For best results, and to facilitate debugging issues, please follow these steps in order.

If you want to receive replicated data from JSOC, you'll need to install some scripts, and work with your ssh keys and a software called hpn-ssh. for example, the JSOC maintains time-distance analysis code that is part of the JSOC DRMS code tree, but it is not part of the base NetDRMS package provided to remote sites; it is possible for a NetDRMS site to install such project code by modifying a configuration file (config.local); this may require the installation of third-party software, such as math libraries and mpi.

  • i

First, you will need to create a few linux users and groups, giving them the needed permissions (see step 1 below). Second, you will need to install the PostgreSQL Relational Database Management System (PG) and create two databases (see step 2 below). Third, you will need to establish disk storage for SUMS (see "Setting up a SUMS" below). Fourth, you will need to install third-party libraries needed by DRMS and SUMS (see X below). Fifth, you will need to build and install NetDRMS and SUMS (see X below).

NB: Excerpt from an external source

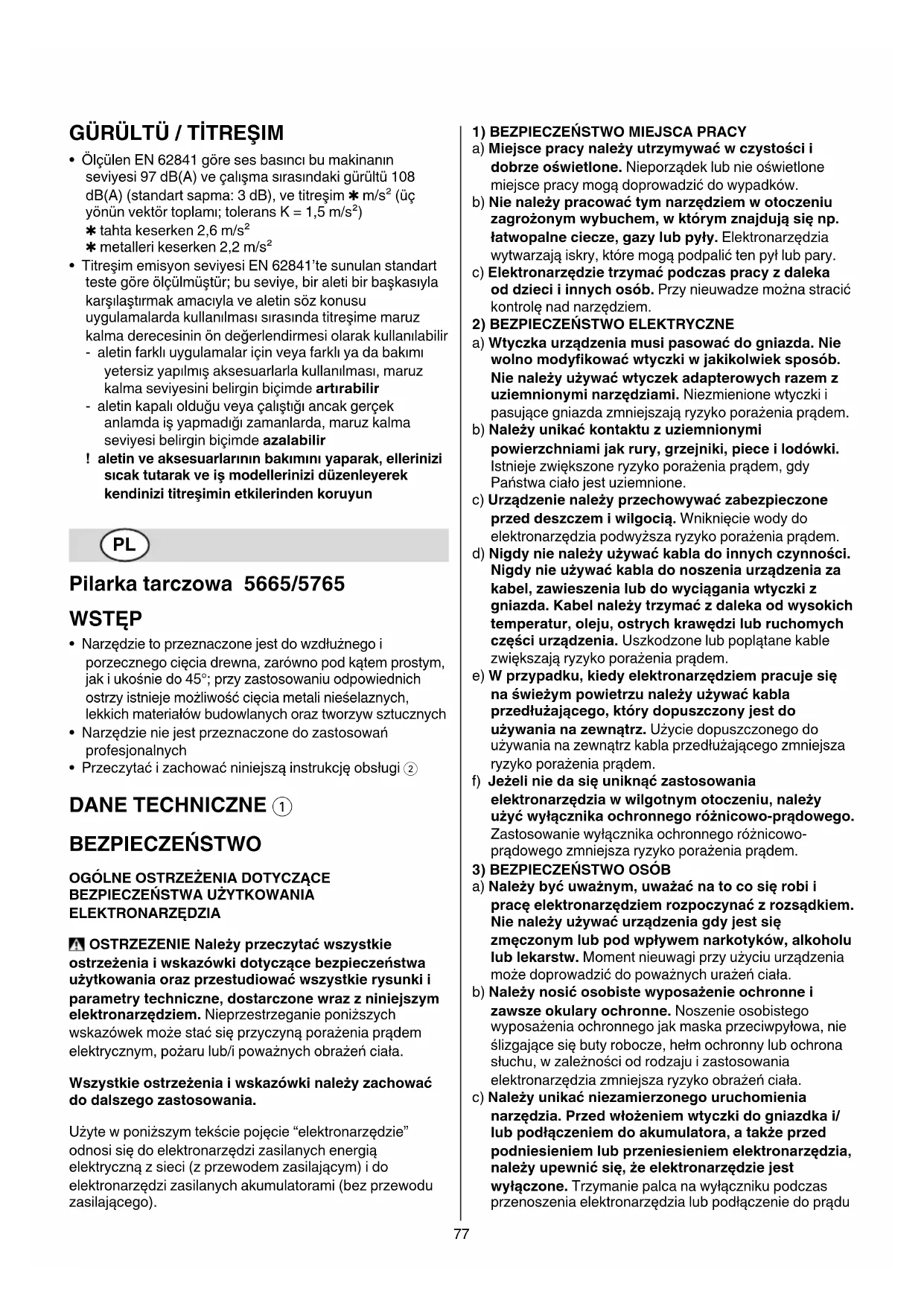NIEBEZPIECZEŃSTWO : Ręce należy trzymać z dala od obszaru pracy pilarki i zachować bezpieczną odległość od poruszającej się tarczy. Drugą ręką należy trzymać uchwyt dodatkowy lub obudowę silnika. Trzymając pilarkę oburącz można uniknąć skaleczenia rąk przez tarczę tnącą. b) Nie sięgaj ręką pod spód przecinanego materiału. Osłona nie chroni przed ostrzem poniżej przecinanej części. c) Dostosuj głębokość cięcia do grubości obrabianego materiału. Mniej niż pełna wysokość pojedyńczego zęba tarczy powinna być widoczna pod przecinanym materiałem. d) W żadnym wypadku nie wolno przytrzymywać przecinanego przedmiotu ręką, ani trzymać go na kolanach. Obrabiany przedmiot należy stabilnie umieścić na stałym podłożu. Właściwe zamocowanie obrabianego przedmiotu jest bardzo istotne, gdyż dzięki temu można zminimalizować niebezpieczeństwo, w przypadku kontaktu z ciałem użytkownika, zablokowania się brzeszczotu lub utraty kontroli nad sytuacją. e) Podczas prac, przy których elektronarzędzie mogłoby natrafić na ukryte przewody elektryczne lub na własny przewód, należy je trzymać tylko za izolowaną rękojeść. Pod wpływem kontaktu z przewodami będącymi pod napięciem, wszystkie części metalowe elektronarzędzia znajdą się również pod napięciem i mogą spowodować porażenie prądem osoby obsługującej. f) Przy cięciu wzdłużnym korzystaj ze specjalnej prowadnicy piły tarczowej lub z prostej prowadnicy do krawędzi. Poprawia to dokładność cięcia i redukuje możliwość zakleszczania się ostrza. g) Należy zawsze stosować tarcze tnące o właściwych rozmiarach zewnętrznych i o odpowiednim otworze mocowania tarczy (np. w kształcie gwiazdy lub okrągłym). Tarcze tnące, nie pasujące do części mocujących pilarki, powodują nierównomierny bieg urządzenia i prowadzą do utraty panowania nad elektronarzędziem. h) Nie używaj nigdy uszkodzonych lub nieprawidłowych podkładek ani wkrętów. Firmowe podkładki i wkręty zostały zaprojektowane specjalnie dla określonej piły, w celu zapewnienia jej optymalnego i bezpiecznego działania.79

To install NetDRMS and SUMS, please follow these directions in order. All accounts/paths/ports/etc. referenced can be modified, but we recommend not doing this unless you are certain they must be different. Debugging issues from Stanford becomes difficult if every site does things differently.

Bear in mind that you may have to change the ownership and permissions on the $DRMS directory as you go through the install process and determine the user that will run the code.

Selecting Host Machines

The optimal hardware configuration will likely depend on your needs, but the following recommendations should suffice for most sites. DRMS and SUMS can share a single host machine. The most widely used and tested Linux distributions are Fedora-based, and at the time of this writing, CentOS is the most popular. Sites have successfully used openSUSE too, but if possible, we would recommend using CentOS.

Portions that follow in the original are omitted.